Again evincing a major flaw of the 2015 Iran nuclear deal’s failure to restrict Iran’s ballistic missile research, Tehran says it has developed two new medium-range ballistic missiles. If its claims are accurate, these missiles advance Ayatollah Ali Khamenei’s ability to launch a nuclear strike against Israel.
President Hassan Rouhani announced that the missiles have been named after former Islamic Revolutionary Guard Corps Gen. Qassem Soleimani and Abu Mahdi al-Muhandis, the former head of Iran’s primary proxy militia in Iraq, Kata’ib Hezbollah. Both men were killed in a January U.S. drone strike as they departed Baghdad International Airport. So what’s the significance of the Abu Mahdi and Qassem missiles?

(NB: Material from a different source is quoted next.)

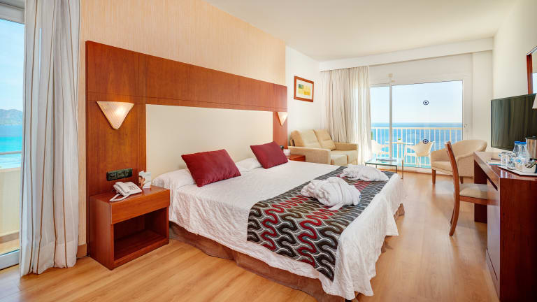 Die 230 elegant und komfortabel eingerichteten Doppelzimmer und Junior Suiten bieten entweder Meerblick oder seitlichen Meerblick. Doppelzimmer: Die geräumigen ca. 28 m2 großen Zimmer sind gepflegt ausgestattet mit zwei bequemen Einzelbetten, Safe (gegen Gebühr), Minibar (gegen Gebühr), Haartrockner, Dusche oder Badewanne, Balkon. Juniorsuite: Die geräumigen Juniorsuiten (35 m²) mit Balkon und seitlichem Meerblick sind ausgestattet mit Minibar (gegen Gebühr), Kaffee-/Teebereiter, Klimaanlage, Mietsafe, SAT-TV, Musikkanal, Wlan (inklusive), Telefon, zusätzlichem Schlafsofa und Bademänteln. Badezimmer mit Dusche, WC, Föhn.

While Iran already has a portfolio of ballistic missiles capable of reaching Israel, these new systems are likely to possess more sophisticated targeting capabilities. Iran asserts, for example, that the missiles are equipped with anti-jamming software and low-visibility flight profiles. Whether that is true or not, these missiles do prove the regime’s continuing priority development of nuclear strike platforms. I emphasize that nuclear facet. Due to its cost and complexity, and the escalation-response its use would entail, Iran’s ballistic missile program is specifically focused on nuclear weapons. Iran’s interest here goes beyond the defensive. While Khamenei and the hard-liner faction believe their attainment of a credible nuclear deterrent platform would ensure the regime’s long-term survival, they also view nuclear weapons as a priceless means of advancing the Islamic revolution.
It’s a rational assumption.
Were Iran able to match its support for terrorist groups like Lebanese Hezbollah to a nuclear umbrella, it would have confidence to employ those groups in more aggressive activities and toward more ambitious effects. Deliberately cultivating the perception of being only semi-rational, Iran would hope that it could deter countervailing forces from retaliation with the fear that it might just be willing to use nuclear weapons.
To preserve even a modicum of Middle Eastern stability under this scenario, Washington would have to resolutely reject this nuclear blackmail. The alternative would be to encourage Iranian escalation both regionally and globally. Considering Iran’s willingness to pursue plans such as its 2011 Washington, D.C., bombing plot, tolerating Iranian blackmail would be exceptionally fraught with risk.
Fortunately, the Islamic Republic of Iran is unlikely ever to complete an actual nuclear ballistic strike platform. Were Iran to actively develop nuclear weapons, Israel would take military action to obstruct that pursuit. The legacy of the Holocaust, after all, informs Israel to the necessity of preventing a virulently anti-Semitic and Islamist totalitarian regime from being able to fire nuclear weapons at it.